Lord Fairfax Community College (LFCC) received a U.S. Dept. of Labor Round 4 TAACCCT grant in 2014 called “Knowledge to Work: A Portal for Competencies and Individualized Learning.” With this support, the College developed seven, direct assessment CBE programs with different exit points in the fields of IT (including cybersecurity), health information management, and administrative support technology.
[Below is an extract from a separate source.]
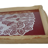 Offered for sale is this vintage 20th Century printed-mirror serving tray, most likely dating from the 1950-60’s. Whilst the printed red design is in a ‘Scandi’ style, despite intensive research am unable to attribute a country of origin. And I’ve never seen another like this!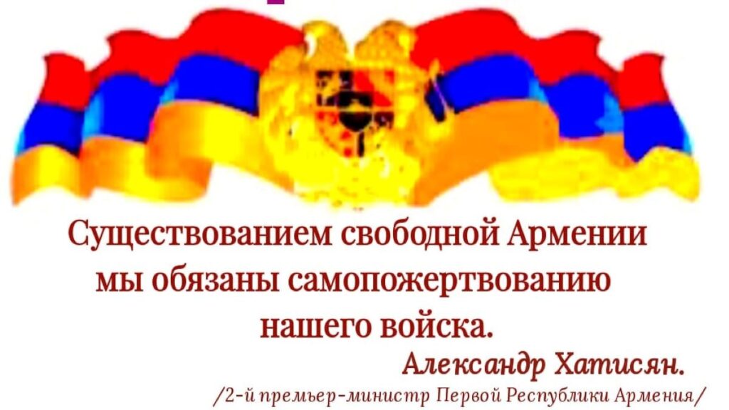 После почти 700-летнего отсутствия своего государства, в мае 1918 года, отстояв силой оружия и доблестью своих сынов право на существование в битвах при Баш-Апаране, Каракилисе, Сардарабаде (Сардарапат); сумев пронести через века и сохранить свою национальную идентичность, язык, письменность, веру, культуру, 28 мая 1918 года Армения объявила о своей независимости и восстановила государственность!

These were aligned with nationally recognized, competency frameworks of the American Health Information Management Association (AHIMA), the Association for Computing Machinery (ACM), and the International Association of Administrative Professionals (IAAP).

LFCC received approval to offer these direct assessment programs from its regional accrediting agency, the Southern Association for Colleges and Schools Commission on Colleges (SACSCOC) in July 2015 and enrolled students in them from fall 2015 through spring 2017. The College then moved to a course-based CBE model, and has continued to redesign and offer CBE aligned courses in these programs, including general education requirements. An eighth program in supervision was approved by SACSCOC for course-based CBE. Other programs at LFCC, such as early childhood education, are also experimenting with a CBE course model.
At the heart of LFCC’s approach is the use of free and low-cost open educational resources (OER) tied to competencies and the TAACCCT grant funded several digital librarians and faculty in the program disciplines. LFCC developed open source software to provide personalized learning plans for faculty and career coaches to track competencies for prior learning assessment (PLA) and new educational activities, as well for case management and to produce an Extended Transcript. LFCC was part of the IMS Global CBE Record Data Standard work group that worked on this.

Software and data for personalized learning plans, using competencies, and searching for OER were pushed online in 2016 through a free portal called Knowledge to Work, now available in English and Spanish at http://knowledgetowork.com. The portal is designed to promote work-based learning to help users develop new competencies. It has been expanded to focus on job seekers and incumbent workers and incorporates USDOL’s Career One Stop, Competency Model Clearinghouse, and O*NET occupational data. The portal operates separately from the credit CBE programs, but is used to promote competencies aligned with instructional materials to students and faculty, as well as for prior learning assessment.

With the completion of this TAACCCT-funded work in September 2018, LFCC is looking for ways to continue the portal. It has been expanded with braided funding from a Workforce Investment Board’s America’s Promise grant to include more occupations and to leverage USDOL information from Career One Stop, the Competency Model Clearinghouse, and O*NET occupational data with knowledge, skills, abilities, and work competencies mapped to thousands of OER.